— ACTIVITY —
Give again, exactly and without pictures, the lines running from the line with "Figure 7Cholesterol depletion" to the end of the records below.

— RECORDED INFORMATION —

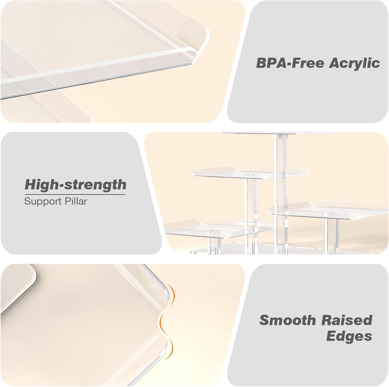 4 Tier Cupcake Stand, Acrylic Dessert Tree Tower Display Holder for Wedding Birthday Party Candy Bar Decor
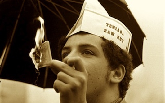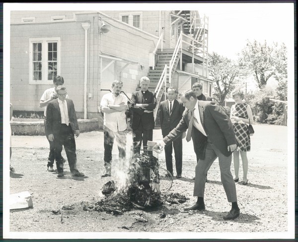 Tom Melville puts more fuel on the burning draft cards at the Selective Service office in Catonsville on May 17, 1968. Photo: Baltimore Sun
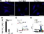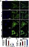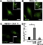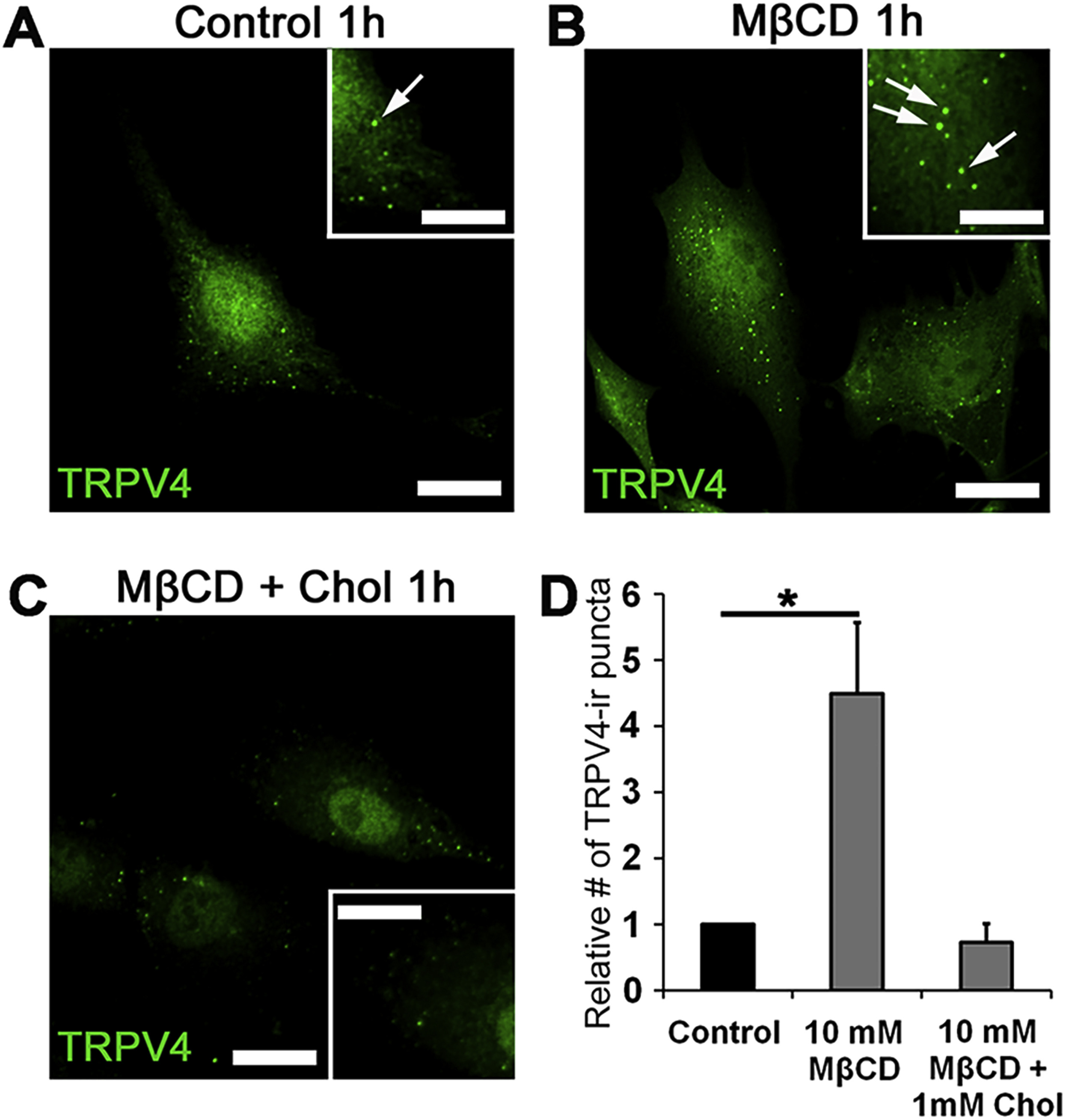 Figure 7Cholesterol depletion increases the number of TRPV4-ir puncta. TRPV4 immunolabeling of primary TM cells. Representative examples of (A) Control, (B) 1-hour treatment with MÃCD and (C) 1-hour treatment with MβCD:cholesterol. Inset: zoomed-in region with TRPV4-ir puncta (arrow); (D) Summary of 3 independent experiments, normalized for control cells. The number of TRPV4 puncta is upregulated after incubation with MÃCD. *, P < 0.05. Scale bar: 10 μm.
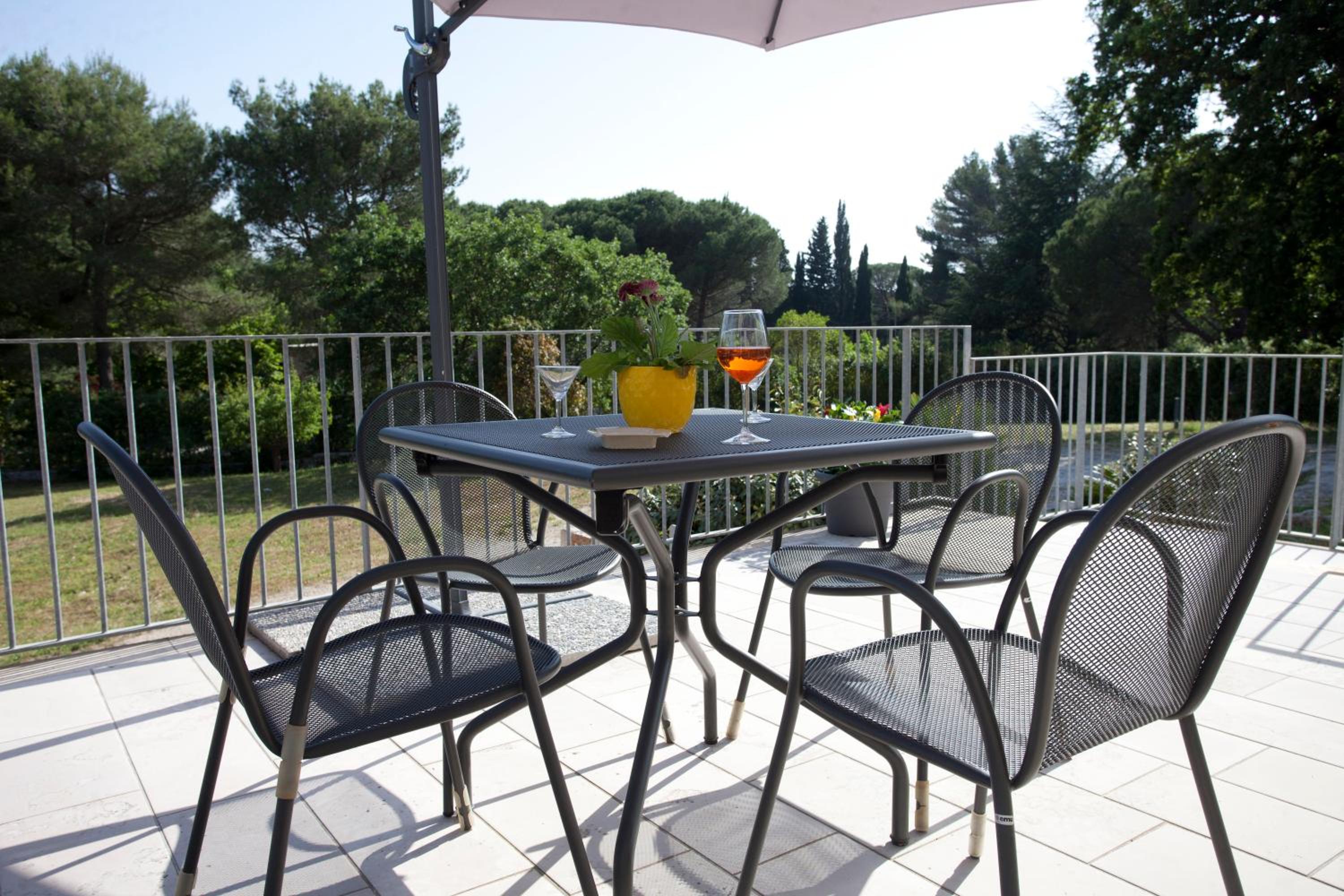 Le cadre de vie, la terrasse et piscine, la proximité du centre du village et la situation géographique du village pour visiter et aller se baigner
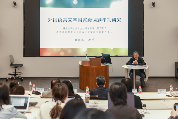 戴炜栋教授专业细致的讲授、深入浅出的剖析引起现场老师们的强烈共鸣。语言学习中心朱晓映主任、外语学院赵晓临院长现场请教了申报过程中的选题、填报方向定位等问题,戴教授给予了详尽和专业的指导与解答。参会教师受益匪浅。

— RESULT FOR THIS EXERCISE —
 Figure 7Cholesterol depletion increases the number of TRPV4-ir puncta. TRPV4 immunolabeling of primary TM cells. Representative examples of (A) Control, (B) 1-hour treatment with MÃCD and (C) 1-hour treatment with MβCD:cholesterol. Inset: zoomed-in region with TRPV4-ir puncta (arrow); (D) Summary of 3 independent experiments, normalized for control cells. The number of TRPV4 puncta is upregulated after incubation with MÃCD. *, P < 0.05. Scale bar: 10 μm.
 Le cadre de vie, la terrasse et piscine, la proximité du centre du village et la situation géographique du village pour visiter et aller se baigner
 戴炜栋教授专业细致的讲授、深入浅出的剖析引起现场老师们的强烈共鸣。语言学习中心朱晓映主任、外语学院赵晓临院长现场请教了申报过程中的选题、填报方向定位等问题,戴教授给予了详尽和专业的指导与解答。参会教师受益匪浅。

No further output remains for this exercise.